Wake For A Fat Vicar
by Fray Angelico Chavez & Thomas E. Chavez
ISBN 1-890689-06-8 -- $25.95
224 Pages, 18 b/w photos
2007 FINALIST, HISTORY BOOK, INDIE EXCELLENCE BOOK AWARDS
DESCRIPTION
This is the third and final chapter of the trilogy started by Fray Angélico Chavez in 1981 on the three Hispanic leaders of the Catholic Church in New Mexico in the middle of the nineteenth century — Padres Martínez, Gallegos, and now Ortiz. This is also the last book by Fray Angélico. In the last years of his life, Fray Angélico asked his nephew, Thomas, to finish this project. This is the story of Padre Juan Felipe Ortiz and his church at a crucial time in the history of New Mexico. It is also the message, ideas, and words of Fray Angélico Chávez, with the gentle assistance of his nephew Thomas E. Chávez.

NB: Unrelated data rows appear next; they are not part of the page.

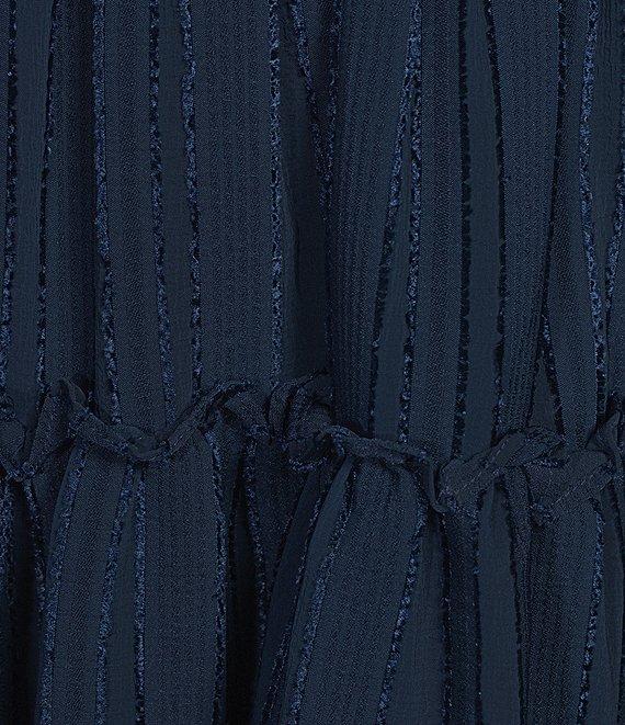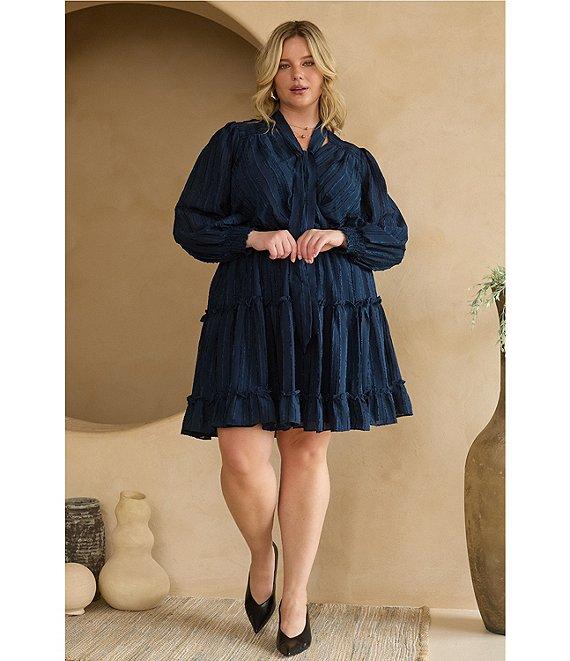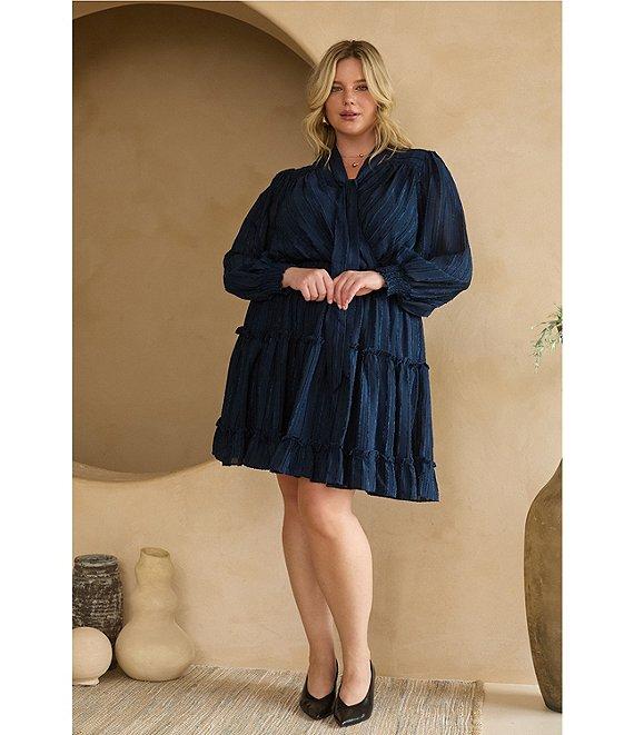 From Skies Are Blue Plus, this dress features: Textured chiffon fabrication V-neckline Tie-neck detail Long blouson sleeves Smocked waist detail Pullover construction Tiered ruffle hemline Lined Mini length Approx. 40" length Polyester Hand wash Imported.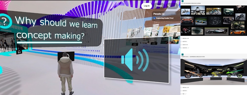 第一階段為分段式線上元宇宙教室互動學習,GK Dynamics 特別為設計營打造專屬的「交通工具設計元宇宙教室」,學生需於每週課前先進入平台完成指定學習進度,課後填寫學習測試問卷。透過此方式的活動設計,為設計營爭取更多業師與學生線上直接互動交流討論設計的時數,學生課後亦能返回平台複習教學內容。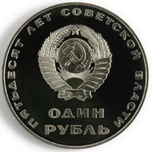 Аверс: в средней части поля по центру герб СССР. Под ним номинал "ОДИН РУБЛЬ", написанный словами в две горизонтальные строки. От первой до последней буквы слова "РУБЛЬ" по окружности, примыкающей к внешнему контуру монеты, надпись "ПЯТЬДЕСЯТ ЛЕТ СОВЕТСКОЙ ВЛАСТИ".

This is the last book by Fray Angélico Chávez, but it is the first by Chávez y Chávez.
THE AUTHORS
Fray Angélico Chávez is considered New Mexico’s most renowned Hispanic literary figure. Before his death in 1996, he had published twenty-two books of fiction, poetry, translation, and history. Thomas E. Chávez, the former director of New Mexico’s state history museum and currently the director of the National Hispanic Cultural Center, is the author of a half-dozen books on the history of New Mexico, including The Illustrated History of New Mexico, Quest for Quivera, and Spain and the Independence of the United States.
REVIEWS
This is a most interesting read not only becasue of the colorful story, the people and the times, but also because of its historiographical vigor and vividness. History is important when it is true to the sources from which it is creatively written. Prejudice is not a lovely word, nor is it a lovely perspective. In completing this final volume of his deceased uncle's revisionist trilogy about the Catholic Church in the nineteenth-century New Mexico, and three of the prinicpal native clergy in that story, the author has offered a history which suggests that bias, historical and otherwise, intentional or unintentional, is an easy temptation, but withal a transparent and vulnerable temptation: Let's look at the sources! -- Catholic Southwest, A Journal of History and Culture, Volume 17, 2006
Wake for a Fat Vicar tells the story of Fr. Juan Felipe Ortiz and his jurisdictional disputes with Bishop Jean Baptiste Lamy and Lamy’s vicar, Joseph Machebeuf. Chavez and Chavez seek to overturn the standard interpretation of Ortiz as an obstinate and corrupt man who selfishly resisted losing his leadership post among Catholics in New Mexico. More than a biography, this book is a rejoinder to the Anglo-centric historiography that commonly portrays mid-nineteenth-century New Mexico Catholics as hopefully superstitious and ignorant.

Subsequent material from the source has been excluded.